*Task statement:* The records below should be printed once more, exactly as they appear.

*Supplied material:*
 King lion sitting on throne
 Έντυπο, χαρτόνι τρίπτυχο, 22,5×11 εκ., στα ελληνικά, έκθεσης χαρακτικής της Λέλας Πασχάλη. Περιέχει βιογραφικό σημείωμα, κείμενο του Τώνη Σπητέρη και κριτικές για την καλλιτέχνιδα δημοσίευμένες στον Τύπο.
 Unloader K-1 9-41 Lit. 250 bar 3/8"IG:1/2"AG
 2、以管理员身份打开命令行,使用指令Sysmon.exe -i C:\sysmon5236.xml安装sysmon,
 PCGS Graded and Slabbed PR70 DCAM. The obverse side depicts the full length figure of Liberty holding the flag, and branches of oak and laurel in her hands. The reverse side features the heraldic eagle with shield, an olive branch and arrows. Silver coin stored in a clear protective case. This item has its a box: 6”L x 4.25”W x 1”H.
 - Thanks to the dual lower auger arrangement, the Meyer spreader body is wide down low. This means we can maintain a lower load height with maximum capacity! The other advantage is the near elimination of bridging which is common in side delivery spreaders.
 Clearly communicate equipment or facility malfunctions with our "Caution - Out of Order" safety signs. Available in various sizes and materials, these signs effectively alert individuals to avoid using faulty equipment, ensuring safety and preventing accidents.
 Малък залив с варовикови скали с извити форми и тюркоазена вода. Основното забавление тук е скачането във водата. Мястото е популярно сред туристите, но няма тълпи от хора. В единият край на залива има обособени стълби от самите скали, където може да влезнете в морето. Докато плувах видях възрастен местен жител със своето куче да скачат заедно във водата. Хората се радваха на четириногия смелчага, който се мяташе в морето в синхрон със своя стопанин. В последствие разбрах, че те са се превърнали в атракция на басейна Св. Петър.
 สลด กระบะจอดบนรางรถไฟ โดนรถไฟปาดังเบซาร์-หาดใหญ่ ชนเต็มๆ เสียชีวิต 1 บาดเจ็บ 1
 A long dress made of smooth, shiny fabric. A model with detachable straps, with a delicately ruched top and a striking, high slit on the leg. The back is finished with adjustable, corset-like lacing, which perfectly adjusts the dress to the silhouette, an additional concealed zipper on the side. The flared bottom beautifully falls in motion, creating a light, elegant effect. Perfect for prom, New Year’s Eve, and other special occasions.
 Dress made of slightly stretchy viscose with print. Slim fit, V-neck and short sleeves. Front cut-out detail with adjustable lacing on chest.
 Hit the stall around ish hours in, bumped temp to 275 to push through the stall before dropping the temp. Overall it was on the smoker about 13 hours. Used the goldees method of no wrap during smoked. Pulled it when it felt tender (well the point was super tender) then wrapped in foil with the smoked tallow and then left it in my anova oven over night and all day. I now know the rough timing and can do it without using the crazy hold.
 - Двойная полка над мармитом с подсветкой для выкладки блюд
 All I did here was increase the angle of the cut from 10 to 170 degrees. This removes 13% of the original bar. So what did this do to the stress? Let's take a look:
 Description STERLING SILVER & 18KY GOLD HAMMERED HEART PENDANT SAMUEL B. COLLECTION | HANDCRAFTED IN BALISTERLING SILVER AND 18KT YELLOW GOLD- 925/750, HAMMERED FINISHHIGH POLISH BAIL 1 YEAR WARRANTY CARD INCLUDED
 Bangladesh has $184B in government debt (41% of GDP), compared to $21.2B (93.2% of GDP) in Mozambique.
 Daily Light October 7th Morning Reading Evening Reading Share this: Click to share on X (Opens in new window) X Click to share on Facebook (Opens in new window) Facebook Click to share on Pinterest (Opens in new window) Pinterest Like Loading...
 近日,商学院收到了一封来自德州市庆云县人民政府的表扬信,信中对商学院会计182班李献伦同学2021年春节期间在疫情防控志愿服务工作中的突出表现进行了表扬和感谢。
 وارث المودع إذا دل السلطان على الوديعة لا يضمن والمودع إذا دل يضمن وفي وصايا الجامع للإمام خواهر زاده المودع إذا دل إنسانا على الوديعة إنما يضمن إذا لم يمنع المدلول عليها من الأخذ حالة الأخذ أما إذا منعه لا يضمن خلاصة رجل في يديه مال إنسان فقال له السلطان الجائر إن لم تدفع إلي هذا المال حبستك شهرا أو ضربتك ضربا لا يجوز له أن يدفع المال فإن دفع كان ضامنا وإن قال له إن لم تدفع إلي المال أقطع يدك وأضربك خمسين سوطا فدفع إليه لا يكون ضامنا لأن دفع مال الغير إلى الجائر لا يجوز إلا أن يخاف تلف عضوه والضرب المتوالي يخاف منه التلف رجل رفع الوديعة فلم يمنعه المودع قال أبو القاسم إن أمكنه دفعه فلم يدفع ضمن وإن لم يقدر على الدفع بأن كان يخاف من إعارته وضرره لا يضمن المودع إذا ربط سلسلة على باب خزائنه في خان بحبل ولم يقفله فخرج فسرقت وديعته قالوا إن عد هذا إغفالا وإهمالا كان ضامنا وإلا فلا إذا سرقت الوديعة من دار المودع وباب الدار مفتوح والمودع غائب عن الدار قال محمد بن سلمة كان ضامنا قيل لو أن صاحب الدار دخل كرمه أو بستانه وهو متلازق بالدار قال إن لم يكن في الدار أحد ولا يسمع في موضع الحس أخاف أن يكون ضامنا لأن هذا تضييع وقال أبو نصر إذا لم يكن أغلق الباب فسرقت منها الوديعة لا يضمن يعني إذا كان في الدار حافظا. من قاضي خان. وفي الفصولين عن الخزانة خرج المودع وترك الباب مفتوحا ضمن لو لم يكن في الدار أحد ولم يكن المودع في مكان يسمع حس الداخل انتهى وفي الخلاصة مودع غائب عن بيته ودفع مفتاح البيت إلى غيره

*Written answer:*
 King lion sitting on throne
 Έντυπο, χαρτόνι τρίπτυχο, 22,5×11 εκ., στα ελληνικά, έκθεσης χαρακτικής της Λέλας Πασχάλη. Περιέχει βιογραφικό σημείωμα, κείμενο του Τώνη Σπητέρη και κριτικές για την καλλιτέχνιδα δημοσίευμένες στον Τύπο.
 Unloader K-1 9-41 Lit. 250 bar 3/8"IG:1/2"AG
 2、以管理员身份打开命令行,使用指令Sysmon.exe -i C:\sysmon5236.xml安装sysmon,
 PCGS Graded and Slabbed PR70 DCAM. The obverse side depicts the full length figure of Liberty holding the flag, and branches of oak and laurel in her hands. The reverse side features the heraldic eagle with shield, an olive branch and arrows. Silver coin stored in a clear protective case. This item has its a box: 6”L x 4.25”W x 1”H.
 - Thanks to the dual lower auger arrangement, the Meyer spreader body is wide down low. This means we can maintain a lower load height with maximum capacity! The other advantage is the near elimination of bridging which is common in side delivery spreaders.
 Clearly communicate equipment or facility malfunctions with our "Caution - Out of Order" safety signs. Available in various sizes and materials, these signs effectively alert individuals to avoid using faulty equipment, ensuring safety and preventing accidents.
 Малък залив с варовикови скали с извити форми и тюркоазена вода. Основното забавление тук е скачането във водата. Мястото е популярно сред туристите, но няма тълпи от хора. В единият край на залива има обособени стълби от самите скали, където може да влезнете в морето. Докато плувах видях възрастен местен жител със своето куче да скачат заедно във водата. Хората се радваха на четириногия смелчага, който се мяташе в морето в синхрон със своя стопанин. В последствие разбрах, че те са се превърнали в атракция на басейна Св. Петър.
 สลด กระบะจอดบนรางรถไฟ โดนรถไฟปาดังเบซาร์-หาดใหญ่ ชนเต็มๆ เสียชีวิต 1 บาดเจ็บ 1
 A long dress made of smooth, shiny fabric. A model with detachable straps, with a delicately ruched top and a striking, high slit on the leg. The back is finished with adjustable, corset-like lacing, which perfectly adjusts the dress to the silhouette, an additional concealed zipper on the side. The flared bottom beautifully falls in motion, creating a light, elegant effect. Perfect for prom, New Year’s Eve, and other special occasions.
 Dress made of slightly stretchy viscose with print. Slim fit, V-neck and short sleeves. Front cut-out detail with adjustable lacing on chest.
 Hit the stall around ish hours in, bumped temp to 275 to push through the stall before dropping the temp. Overall it was on the smoker about 13 hours. Used the goldees method of no wrap during smoked. Pulled it when it felt tender (well the point was super tender) then wrapped in foil with the smoked tallow and then left it in my anova oven over night and all day. I now know the rough timing and can do it without using the crazy hold.
 - Двойная полка над мармитом с подсветкой для выкладки блюд
 All I did here was increase the angle of the cut from 10 to 170 degrees. This removes 13% of the original bar. So what did this do to the stress? Let's take a look:
 Description STERLING SILVER & 18KY GOLD HAMMERED HEART PENDANT SAMUEL B. COLLECTION | HANDCRAFTED IN BALISTERLING SILVER AND 18KT YELLOW GOLD- 925/750, HAMMERED FINISHHIGH POLISH BAIL 1 YEAR WARRANTY CARD INCLUDED
 Bangladesh has $184B in government debt (41% of GDP), compared to $21.2B (93.2% of GDP) in Mozambique.
 Daily Light October 7th Morning Reading Evening Reading Share this: Click to share on X (Opens in new window) X Click to share on Facebook (Opens in new window) Facebook Click to share on Pinterest (Opens in new window) Pinterest Like Loading...
 近日,商学院收到了一封来自德州市庆云县人民政府的表扬信,信中对商学院会计182班李献伦同学2021年春节期间在疫情防控志愿服务工作中的突出表现进行了表扬和感谢。
 وارث المودع إذا دل السلطان على الوديعة لا يضمن والمودع إذا دل يضمن وفي وصايا الجامع للإمام خواهر زاده المودع إذا دل إنسانا على الوديعة إنما يضمن إذا لم يمنع المدلول عليها من الأخذ حالة الأخذ أما إذا منعه لا يضمن خلاصة رجل في يديه مال إنسان فقال له السلطان الجائر إن لم تدفع إلي هذا المال حبستك شهرا أو ضربتك ضربا لا يجوز له أن يدفع المال فإن دفع كان ضامنا وإن قال له إن لم تدفع إلي المال أقطع يدك وأضربك خمسين سوطا فدفع إليه لا يكون ضامنا لأن دفع مال الغير إلى الجائر لا يجوز إلا أن يخاف تلف عضوه والضرب المتوالي يخاف منه التلف رجل رفع الوديعة فلم يمنعه المودع قال أبو القاسم إن أمكنه دفعه فلم يدفع ضمن وإن لم يقدر على الدفع بأن كان يخاف من إعارته وضرره لا يضمن المودع إذا ربط سلسلة على باب خزائنه في خان بحبل ولم يقفله فخرج فسرقت وديعته قالوا إن عد هذا إغفالا وإهمالا كان ضامنا وإلا فلا إذا سرقت الوديعة من دار المودع وباب الدار مفتوح والمودع غائب عن الدار قال محمد بن سلمة كان ضامنا قيل لو أن صاحب الدار دخل كرمه أو بستانه وهو متلازق بالدار قال إن لم يكن في الدار أحد ولا يسمع في موضع الحس أخاف أن يكون ضامنا لأن هذا تضييع وقال أبو نصر إذا لم يكن أغلق الباب فسرقت منها الوديعة لا يضمن يعني إذا كان في الدار حافظا. من قاضي خان. وفي الفصولين عن الخزانة خرج المودع وترك الباب مفتوحا ضمن لو لم يكن في الدار أحد ولم يكن المودع في مكان يسمع حس الداخل انتهى وفي الخلاصة مودع غائب عن بيته ودفع مفتاح البيت إلى غيره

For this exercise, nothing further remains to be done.